"""

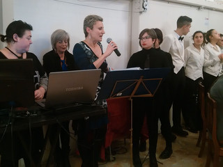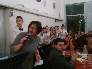 Il menù era composto da un aperitivo di benvenuto con fritti e stuzzichini, un antipasto “ceppo” (cioè tiepido, detto alla ligure) e un tris di polenta al ragù di salsiccia, al sugo di funghi e alla fonduta di gorgonzola. Gran finale veramente spettacolare con la cosiddetta “meringata antigelo”, un dolce di squisita e vaporosa leggerezza. I vini sono stati offerti dall’azienda agricola “Punta Crena” di Varigotti. L’intrattenimento musicale è stato affidato alle quattro voci femminili di The Soul of Gospel (Anna Marino, Elisabetta Viara, Nicoletta Senatore, Giulia Senatore).
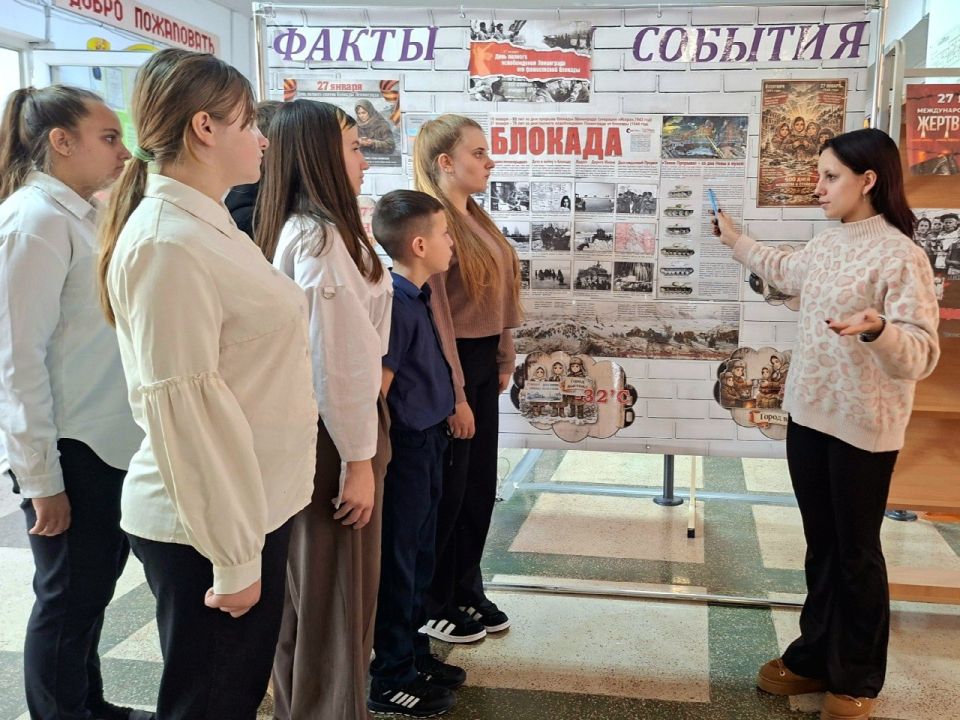 Для школьников организовали литературные гостиные, классные часы, показы документальных фильмов и информационных видеороликов. В школах оформили тематические стенды, рассказывающие о героических и трагических страницах истории блокадного Ленинграда.
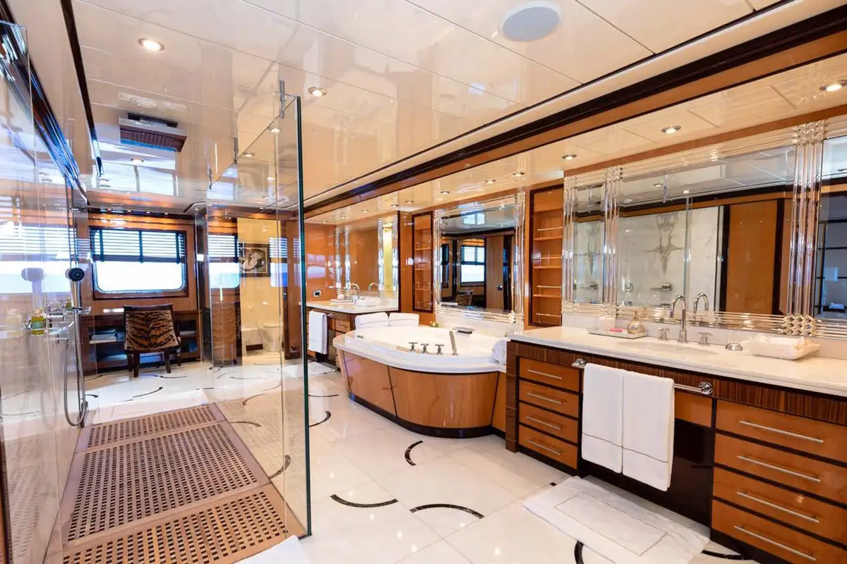 The master suite includes a huge skylounge with three separate seating areas including a cluster of sofas around a fireplace and full-beam glass doors leading out onto a private aft deck. The master cabin itself has a large dressing room en suite as well as a his-and-hers bathroom with a vanity area, a walk-through shower room and a jacuzzi tub.
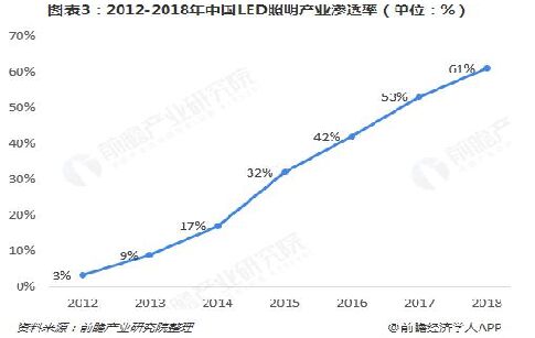 2020年行業(yè)產(chǎn)值規(guī)模突破1萬億元,滲透率達70% 2018年,LED照明行業(yè)作為節(jié)能減排的重點推行項目,在國家環(huán)保節(jié)能政策持續(xù)推行下,行業(yè)產(chǎn)業(yè)規(guī)模增速回暖,下游應(yīng)用滲透率進一步擴大。未來,將繼續(xù)受益于傳統(tǒng)照明政府限制政策以及LED技術(shù)的節(jié)能環(huán)保特性,LED照明正在快速替代傳統(tǒng)照明市場。 其實,2017年,發(fā)改委等多部門聯(lián)合出臺了《半導(dǎo)體照明產(chǎn)業(yè)“十三五”發(fā)展規(guī)劃》,提出到2020年,我國半導(dǎo)體照明關(guān)鍵技術(shù)不斷突破,產(chǎn)品質(zhì)量不斷提高,產(chǎn)品結(jié)構(gòu)持續(xù)優(yōu)化,產(chǎn)業(yè)規(guī)模穩(wěn)步擴大,到2020年,半導(dǎo)體照明產(chǎn)業(yè)整體產(chǎn)值要達到10000億元,LED照明產(chǎn)品銷售額占整個照明電器行業(yè)銷售總額的比例要達到70%。
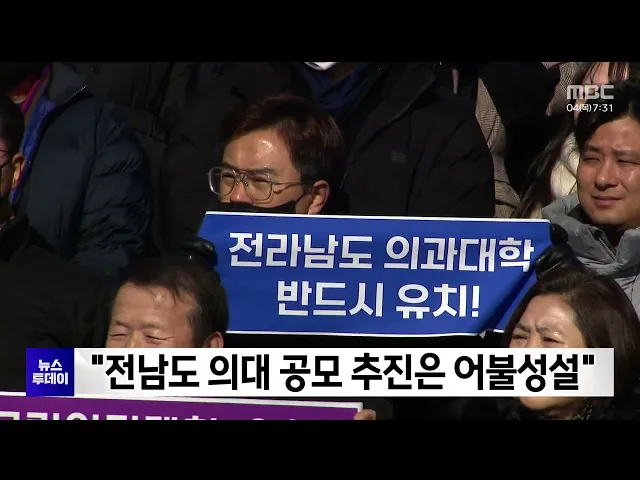 목포대 의과대학 유치 전남도민 추진위원회는어제 "전라남도의 의대 공모 추진은 어불성설"이라며 강력히 비난했습니다. 전남도민 추진위는 통합의대 추진이 어려워지자 외부기관에 전남의대 입지를 결정토록 하는 것은 의료공백 해소라는 도민의 뜻을 외면한 매우 신중하지 못한 처사라고 비판했습니다.

"""

Work to complete —
Return all entries preceding this task exactly as they stand, leaving any picture out.

Task output —
 Il menù era composto da un aperitivo di benvenuto con fritti e stuzzichini, un antipasto “ceppo” (cioè tiepido, detto alla ligure) e un tris di polenta al ragù di salsiccia, al sugo di funghi e alla fonduta di gorgonzola. Gran finale veramente spettacolare con la cosiddetta “meringata antigelo”, un dolce di squisita e vaporosa leggerezza. I vini sono stati offerti dall’azienda agricola “Punta Crena” di Varigotti. L’intrattenimento musicale è stato affidato alle quattro voci femminili di The Soul of Gospel (Anna Marino, Elisabetta Viara, Nicoletta Senatore, Giulia Senatore).
 Для школьников организовали литературные гостиные, классные часы, показы документальных фильмов и информационных видеороликов. В школах оформили тематические стенды, рассказывающие о героических и трагических страницах истории блокадного Ленинграда.
 The master suite includes a huge skylounge with three separate seating areas including a cluster of sofas around a fireplace and full-beam glass doors leading out onto a private aft deck. The master cabin itself has a large dressing room en suite as well as a his-and-hers bathroom with a vanity area, a walk-through shower room and a jacuzzi tub.
 2020年行業(yè)產(chǎn)值規(guī)模突破1萬億元,滲透率達70% 2018年,LED照明行業(yè)作為節(jié)能減排的重點推行項目,在國家環(huán)保節(jié)能政策持續(xù)推行下,行業(yè)產(chǎn)業(yè)規(guī)模增速回暖,下游應(yīng)用滲透率進一步擴大。未來,將繼續(xù)受益于傳統(tǒng)照明政府限制政策以及LED技術(shù)的節(jié)能環(huán)保特性,LED照明正在快速替代傳統(tǒng)照明市場。 其實,2017年,發(fā)改委等多部門聯(lián)合出臺了《半導(dǎo)體照明產(chǎn)業(yè)“十三五”發(fā)展規(guī)劃》,提出到2020年,我國半導(dǎo)體照明關(guān)鍵技術(shù)不斷突破,產(chǎn)品質(zhì)量不斷提高,產(chǎn)品結(jié)構(gòu)持續(xù)優(yōu)化,產(chǎn)業(yè)規(guī)模穩(wěn)步擴大,到2020年,半導(dǎo)體照明產(chǎn)業(yè)整體產(chǎn)值要達到10000億元,LED照明產(chǎn)品銷售額占整個照明電器行業(yè)銷售總額的比例要達到70%。
 목포대 의과대학 유치 전남도민 추진위원회는어제 "전라남도의 의대 공모 추진은 어불성설"이라며 강력히 비난했습니다. 전남도민 추진위는 통합의대 추진이 어려워지자 외부기관에 전남의대 입지를 결정토록 하는 것은 의료공백 해소라는 도민의 뜻을 외면한 매우 신중하지 못한 처사라고 비판했습니다.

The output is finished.